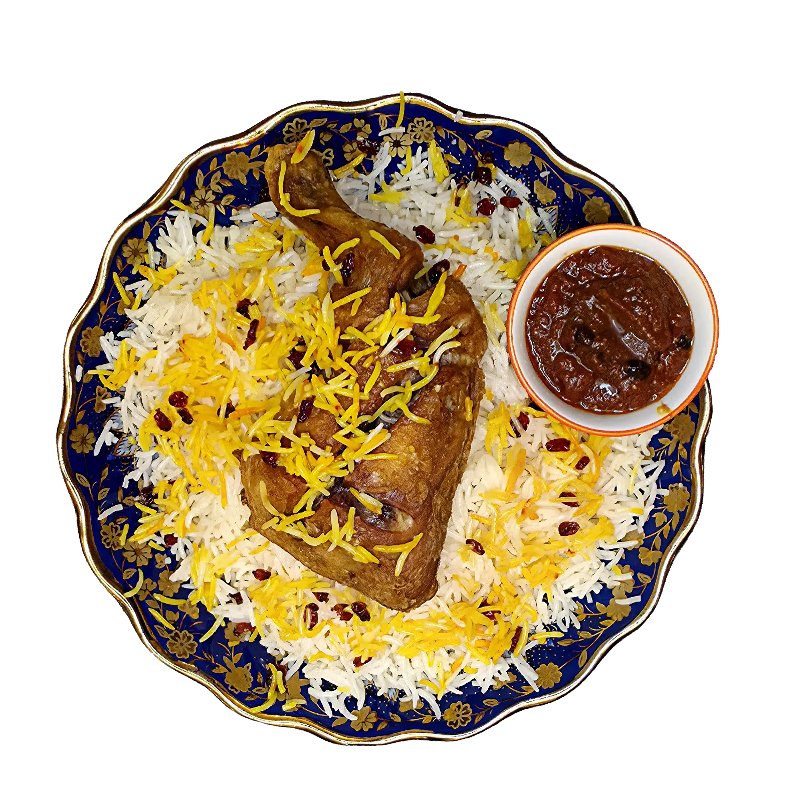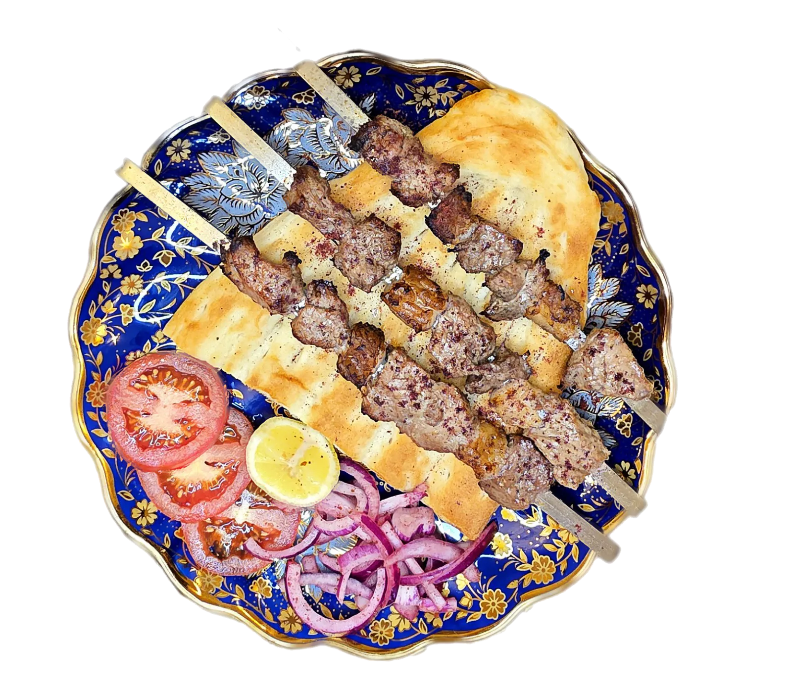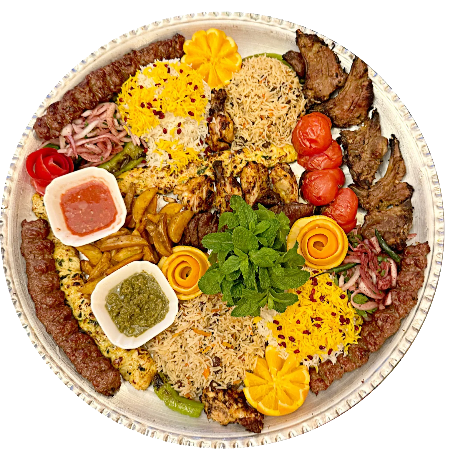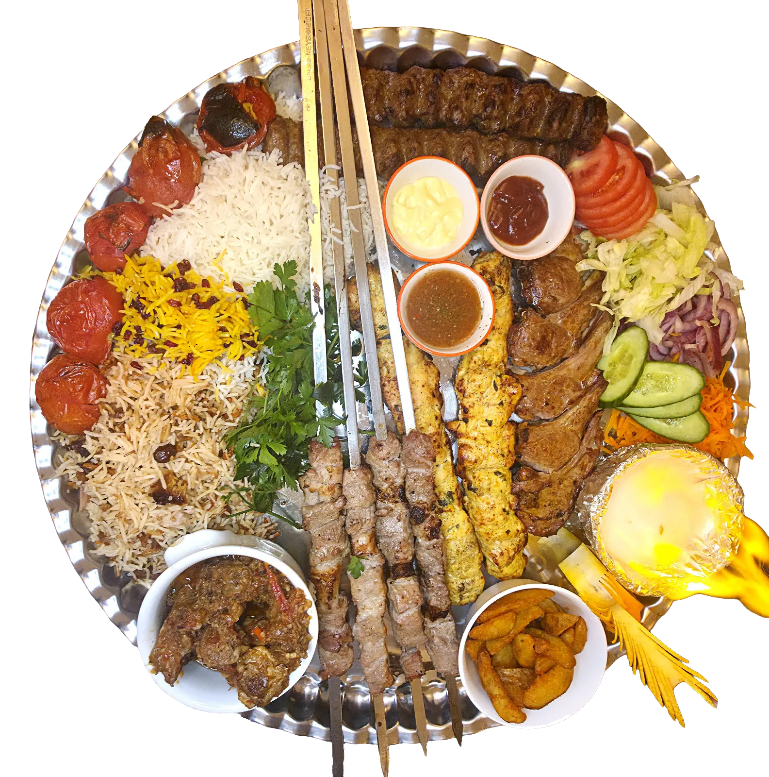 Ein Spieß saftiges Hähnchenfilet (Joojeh) und ein Spieß gegrilltes Hackfleisch (Koobideh), serviert mit duftendem Safranreis, gegrillter Tomate, Zwiebeln und Zitrone.
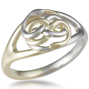 This sculptural ring has a Tibetan-inspired knot framed by the split shank. Four accent stones are set around the pattern.
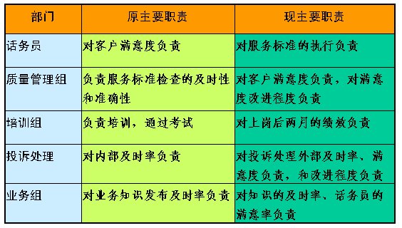 首先,要根據(jù)組織的目標來確定我們需要哪些流程,即需要哪些流程才能保證組織目標的實現(xiàn);其次,根據(jù)流程的需要,即為了保證流程的有效運行,來劃分不同部分的職責;最后,根據(jù)各部分職責的劃分來設置組織的架構。如我們根據(jù)客服中心流程運行的需要,對組織架構和相關班組的主要職責進行了調(diào)整,以保證流程的有效順暢運行。如部分班組的主要職責調(diào)整如下:
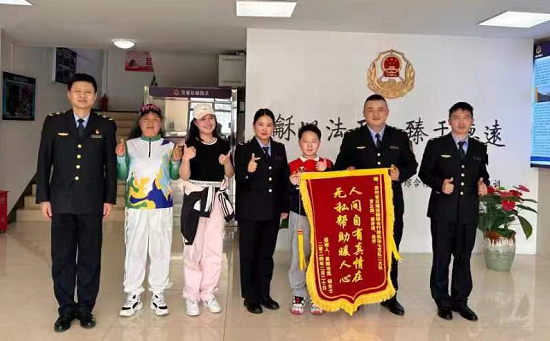 “我的車輛爆胎無(wú)法行駛,車上都是老人和小孩,手足無(wú)措。因?yàn)槟銈兊膸椭,我們這一家人才能夠安全返鄉(xiāng),我要為你們點(diǎn)贊!”2月20日下午,來(lái)自貴陽(yáng)的駕駛員楊女士將印有“人間自有真情在、無(wú)私幫助暖人心”的錦旗送到了執(zhí)法人員的手里。
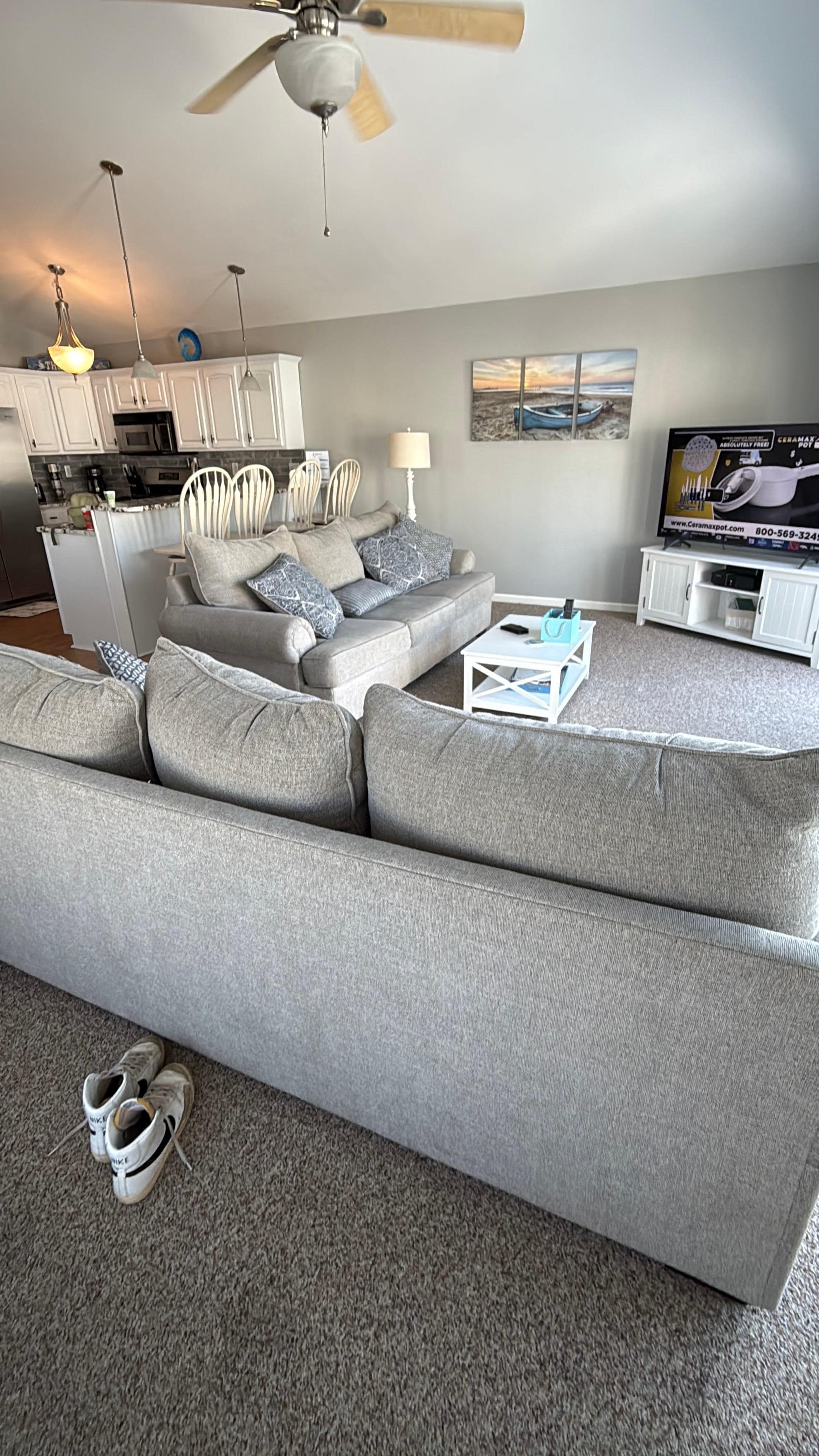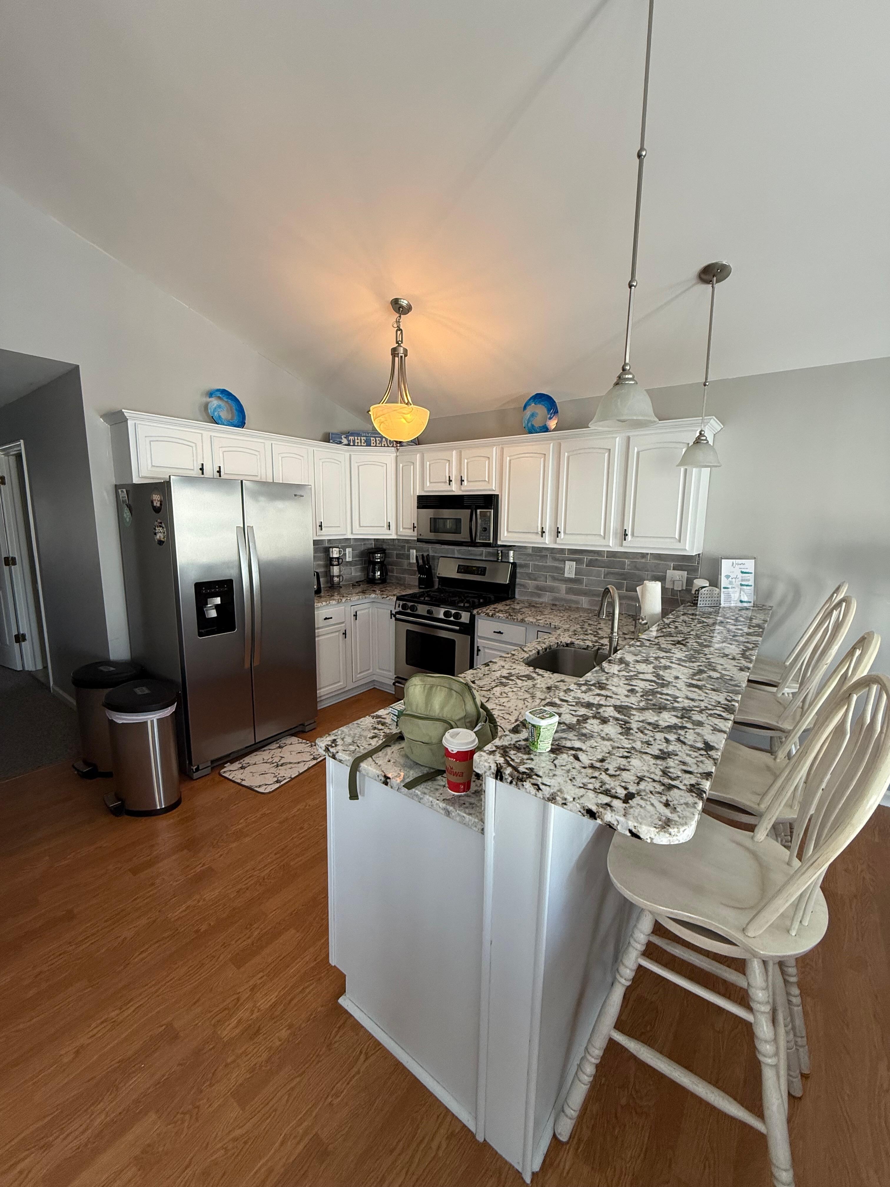 The kitchen area has a large dining table with 6 chairs and counter bar with 4 full chairs. It comes fully equipped with all pots, pans, drinkware, dinnerware, coffee maker, toaster, pack n play, iron, ironing board, hair dryer, Wii, XBox, DVD Player.

....

HOW TO COMPLETE THIS TASK: Give the data above again, exactly, with every picture removed.

RESPONSE AREA:
 Ein Spieß saftiges Hähnchenfilet (Joojeh) und ein Spieß gegrilltes Hackfleisch (Koobideh), serviert mit duftendem Safranreis, gegrillter Tomate, Zwiebeln und Zitrone.
 This sculptural ring has a Tibetan-inspired knot framed by the split shank. Four accent stones are set around the pattern.
 首先,要根據(jù)組織的目標來確定我們需要哪些流程,即需要哪些流程才能保證組織目標的實現(xiàn);其次,根據(jù)流程的需要,即為了保證流程的有效運行,來劃分不同部分的職責;最后,根據(jù)各部分職責的劃分來設置組織的架構。如我們根據(jù)客服中心流程運行的需要,對組織架構和相關班組的主要職責進行了調(diào)整,以保證流程的有效順暢運行。如部分班組的主要職責調(diào)整如下:
 “我的車輛爆胎無(wú)法行駛,車上都是老人和小孩,手足無(wú)措。因?yàn)槟銈兊膸椭,我們這一家人才能夠安全返鄉(xiāng),我要為你們點(diǎn)贊!”2月20日下午,來(lái)自貴陽(yáng)的駕駛員楊女士將印有“人間自有真情在、無(wú)私幫助暖人心”的錦旗送到了執(zhí)法人員的手里。
 The kitchen area has a large dining table with 6 chairs and counter bar with 4 full chairs. It comes fully equipped with all pots, pans, drinkware, dinnerware, coffee maker, toaster, pack n play, iron, ironing board, hair dryer, Wii, XBox, DVD Player.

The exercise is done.